Turkish Literature in Other Tongues
By Mehmet Hakkı Suçin
Translated by Erhan Yükselci
A closer look at the translation activities in the geography that shares certain common cultures with Turkey, six major translation junctions can be discerned: the Baghdad-centered translation movement, the Toledo movement in Andalusia, the era of Muhammad Ali of Egypt, the Ottoman Translation Chamber, the Translation Office in the Turkish Republic period, and the TEDA project. An overview of these major junctures should be provided before proceeding to assess the current situation.
The Baghdad-based translation movement emerged in the 9th and 10th centuries and resulted in a significant cultural transformation. Efforts to translate works of thought, science and culture of the time’s dominant Greek, Persian and Indian civilizations into Arabic and Assyrian languages not only prevented the ancient culture from fading into oblivion, but also paved the way for the thriving and transformation of the Islamic thought and the creation of a relative liberal and tolerant environment. Dozens of translators including Ibn al-Batriq (Eutychius of Alexandria), Yuhanna ibn Masawaih, Qusta ibn Luqa, Hunayn ibn Ishaq, Ishaq ibn Hunayn, Thabit ibn Qurra and Ibn al-Muqaffa left behind hundreds of works that blazed a trail for the development of Islamic philosophy and the discipline of kalam.

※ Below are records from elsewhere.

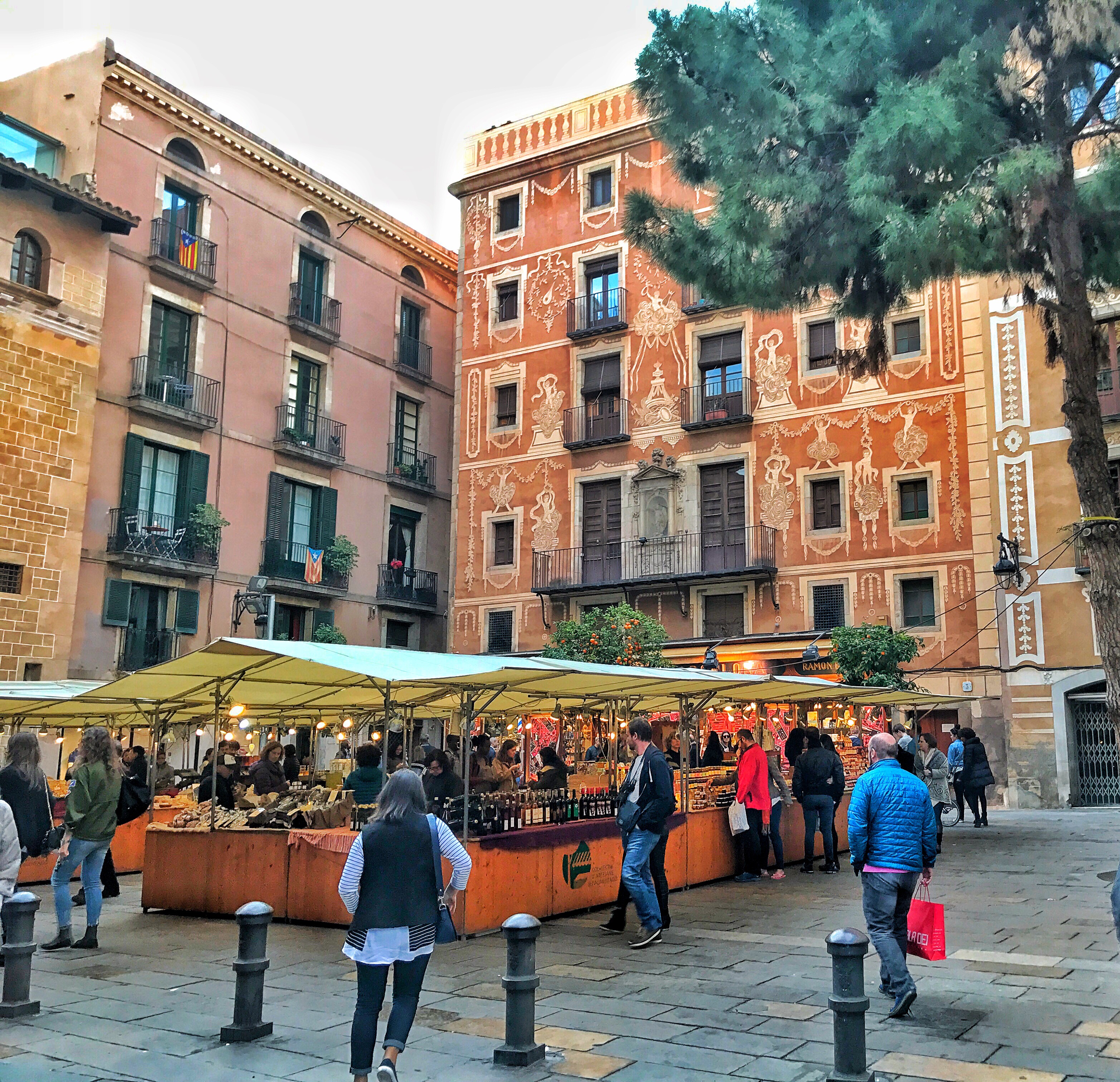 Plaça del Pi: this charming square hosts a weekend art market showcasing local artists, as well as an artisan food market on the first and third Friday and Saturday of the month offering handmade products including honey, fuet (Catalan saucisson) chocolate, nougat, chocolate and wine. Off to one side stands the Gothic church Santa Maria del Pi, with its magnificent rose stained glass window, a reproduction of the original that was destroyed in a fire in 1936.
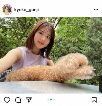 日テレ・郡司恭子アナ 「全然上手く撮れない」トイプードルの愛犬との2ショットに「2人ともかわいすぎ」
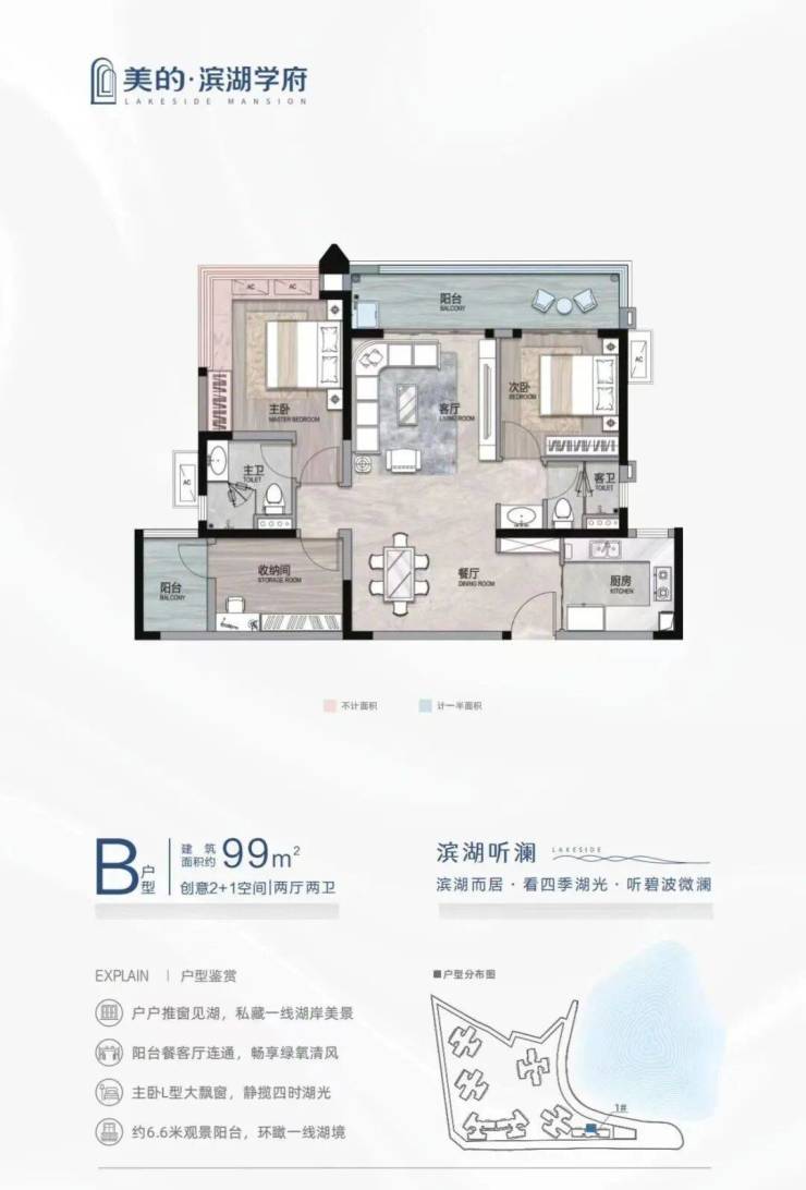 头排湖景:95%户型可观湖,最大楼间距超100米;
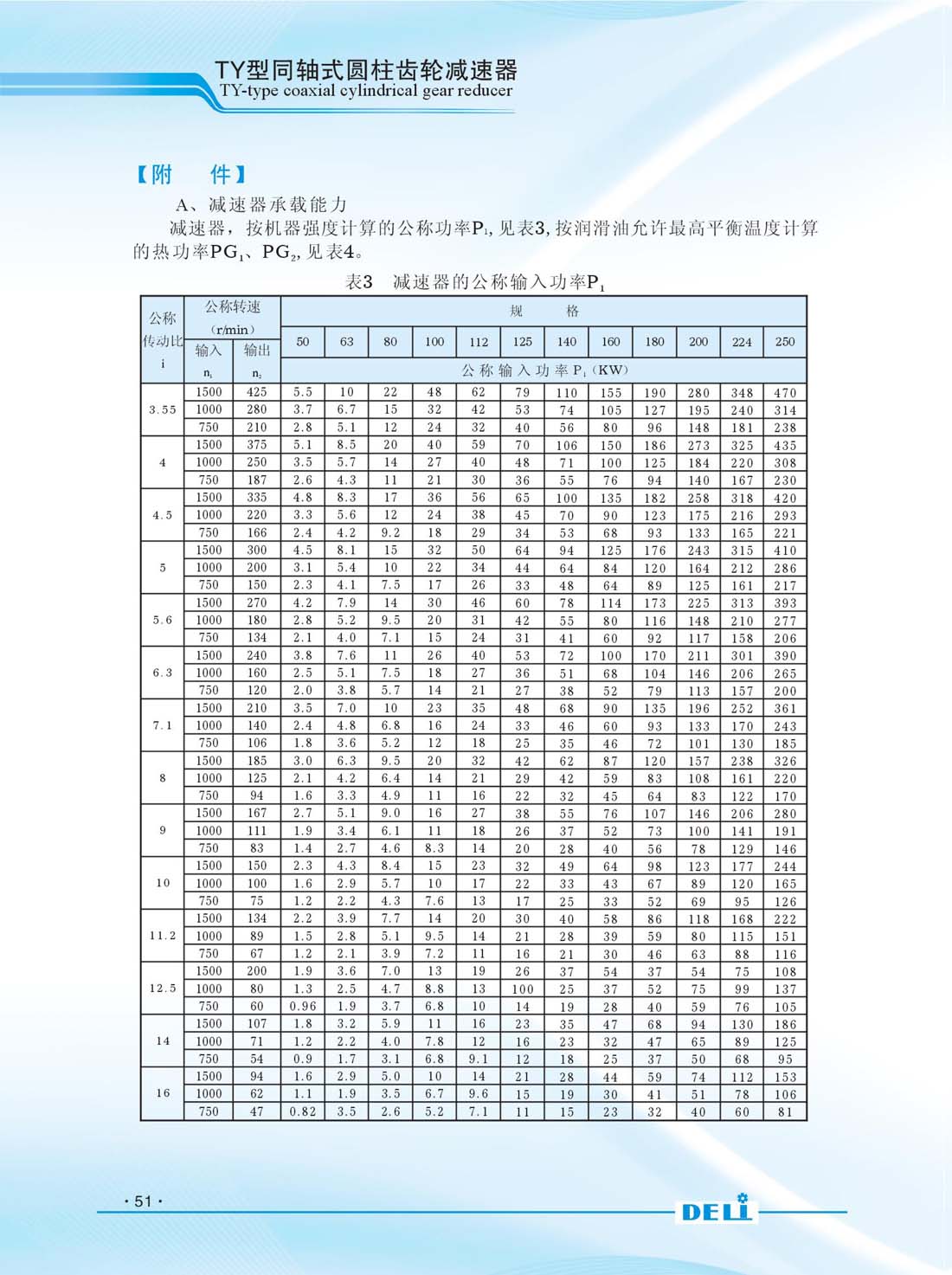 TY系列同軸式硬齒面齒輪減速器是理想的動力傳送裝置,它廣泛用于冶金、礦山、化工、紡織、儀器、能源、建材等行業(yè)。減速器的齒輪圓周速度不大于20m/s,允許正、反轉(zhuǎn)。使用于水平臥式安裝,前 后傾斜角不大于20。直聯(lián)電機為Y系列三相異步四級電動機,電機的安裝型式為B5或B35;工作環(huán)境溫度為0攝適度-40攝適度。 減速器的型號TY50/TY63/TY80/TY100/TY112/TY125/TY140/TY160/ TY180/TY200/TY224/TY250
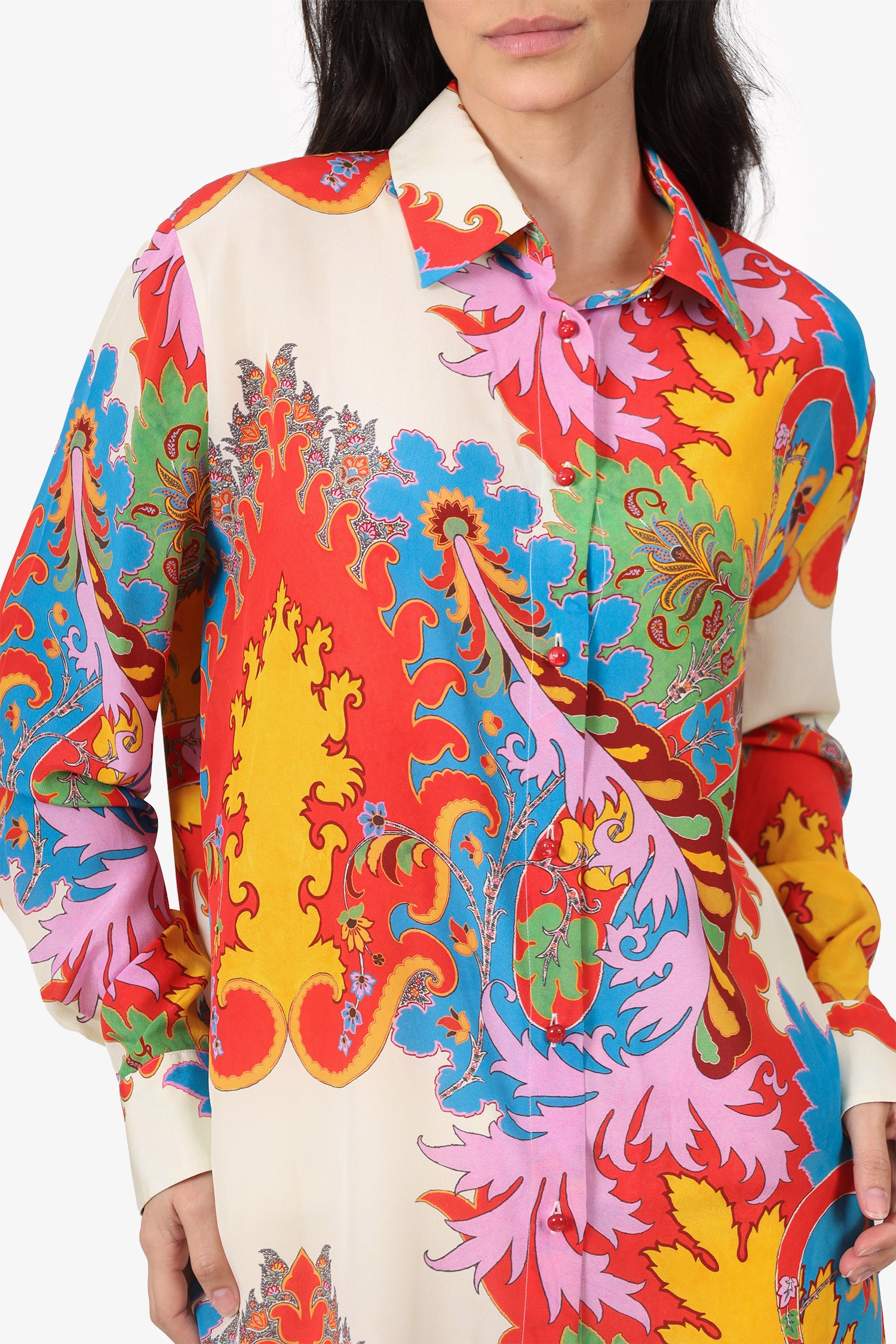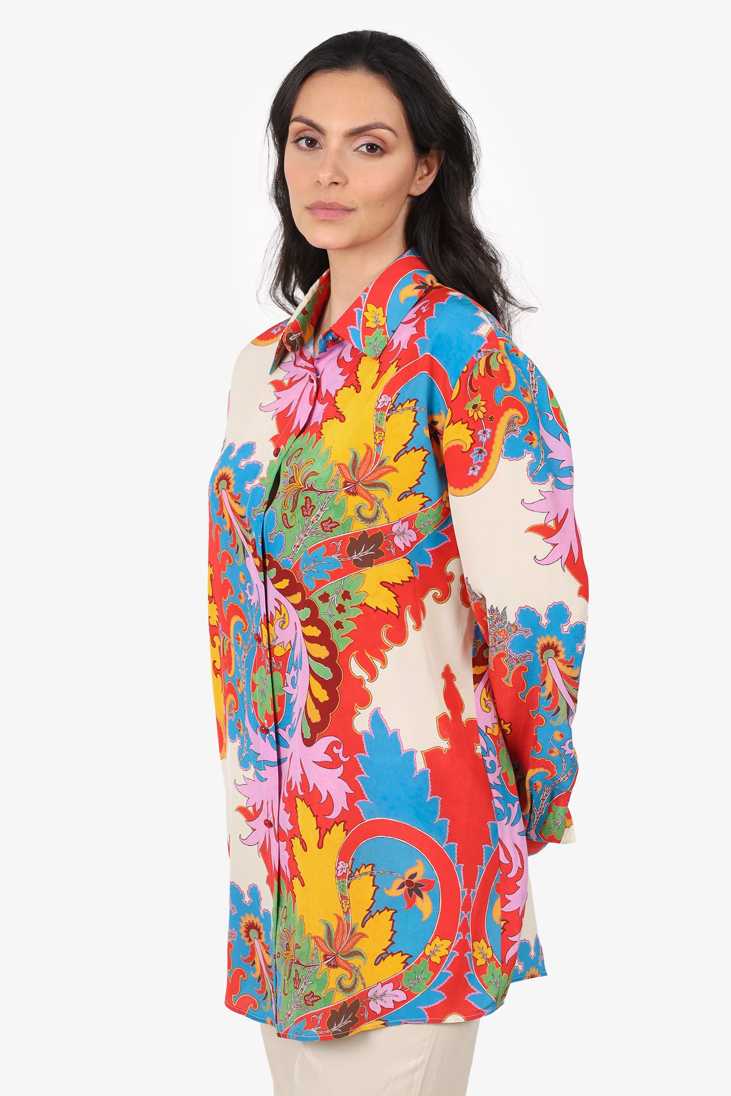 Refresh availabilityEtro Multicolour Silk Shirt. Pull-on. Collared neckline. Front button-up closure. Sleeve cuffs with button-up closure. Silver-tone hardware. Tonal stitching.

The next major translation movement emerged in Andalusia. After Toledo (Tulaytilah) was conquered back by the Spanish following a 300-year Arab rule, translation of works from Arabic to Latin and other languages commenced in the city. The Arabic-Latin translators included Constantine the African, Dominicus Gundissalinus, Gerard of Cremona, Michael Scot and Moses ben Samuel ibn Tibbon. Toledo-centered translation activities spread to other cities as well. The translations done by Jewish, Christian and Muslim translators prevented translations from ancient Greek as well as Muslim philosophers’ commentaries on them from being lost.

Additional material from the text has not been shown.